1967 wird für Fritz Straßner zur Zäsur: Ein Arzt diagnostiziert bei ihm Diabetes. Der übergewichtige Schauspieler stellt daraufhin seine Ernährung komplett um, auch wenn ihm das gesunde Essen zunächst überhaupt nicht schmeckt. Innerhalb eines Jahres verliert er 30 Kilo, danach speckt er weitere zehn Kilo ab. Die Veränderung ist enorm und wirkt sich auch auf sein Rollenprofil aus: Fortan wird der „schmale Fritz“ gern als feiner Herr besetzt. Das entspricht seinem Naturell auch mehr als der polternde Grobian.

Straßner ist nicht krachledern laut, sondern eher hintersinnig leise. Er ist ein beliebter Volksschauspieler, aber auch ein vielseitiger Charakterdarsteller, spielt Ludwig Thoma, Johann Nestroy, August Strindberg und Bertolt Brecht. Kollegen beschreiben Straßner als „authentisch“ und „gewissenhaft“. Seine Texte beherrscht er, einen Hänger hätte er sich nicht verziehen.

Fleiß und Disziplin bilden die Grundlage seines Erfolgs. Straßner ist ein konservativer Mensch, pünktlich und zuverlässig. „Er sah aus wie ein Beamter“, sagte Schauspielerin Ilse Neubauer einmal über ihn. Auch mit zunehmender Berühmtheit bleibt Straßner bescheiden. In seiner Freizeit werkelt er im Garten oder unternimmt lange Wanderungen. „Es ist mir ein Bedürfnis zu gehen“, sagte er. Bis zu 15 Kilometer schafft er an einem Tag, zu Hause in seinem kleinen Arbeitszimmer stapelten sich Landkarten. Fritz Straßners Wandertipps im Radio sind damals legendär.

Er wählte seine Rollen sorgfältig

Die Popularität, die ihm vor allem sein Paradepart als „Brandner Kasper“ beschert, ermöglicht ihm, sich die Rollen auszusuchen.
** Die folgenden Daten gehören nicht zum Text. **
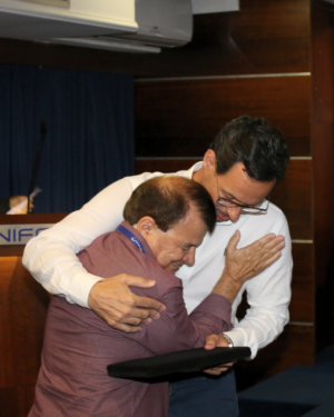 Durante a assembleia, o professor Marco anunciou que se afastará do cargo de reitor a partir de maio de 2026, permanecendo como membro do Conselho Deliberativo. Na ocasião, foi homenageado por colaboradores da FUOM e por seus familiares, em um momento marcado por emoção e reconhecimento, que sensibilizou os presentes.

Mit dem modernen, experimentellen Theater kann er wenig anfangen. Fritz Straßner hat seine eigenen Vorstellungen von Qualität, zum Beispiel spielt er unter der Regie von Peter Zadek. Dennoch hadert er zunehmend mit seinem Beruf, kritisiert die seiner Ansicht nach immer seichteren Rollen und stört sich am Privatfernsehen. 1990 erkrankt der Schauspieler an Krebs, wird mehrmals operiert, dazwischen geht er eisern seiner Arbeit nach. Nach und nach fühlt er sich besser, doch am Morgen des 7. Februar 1993 wacht der 73-Jährige nicht mehr auf. „Er hat mir immer gefehlt, bei jeder Vorstellung“, sagte „Boandlkramer“ Toni Berger über den Verlust seines langjähriger Bühnenpartners. Der Tod lässt nur im Theater mit sich reden.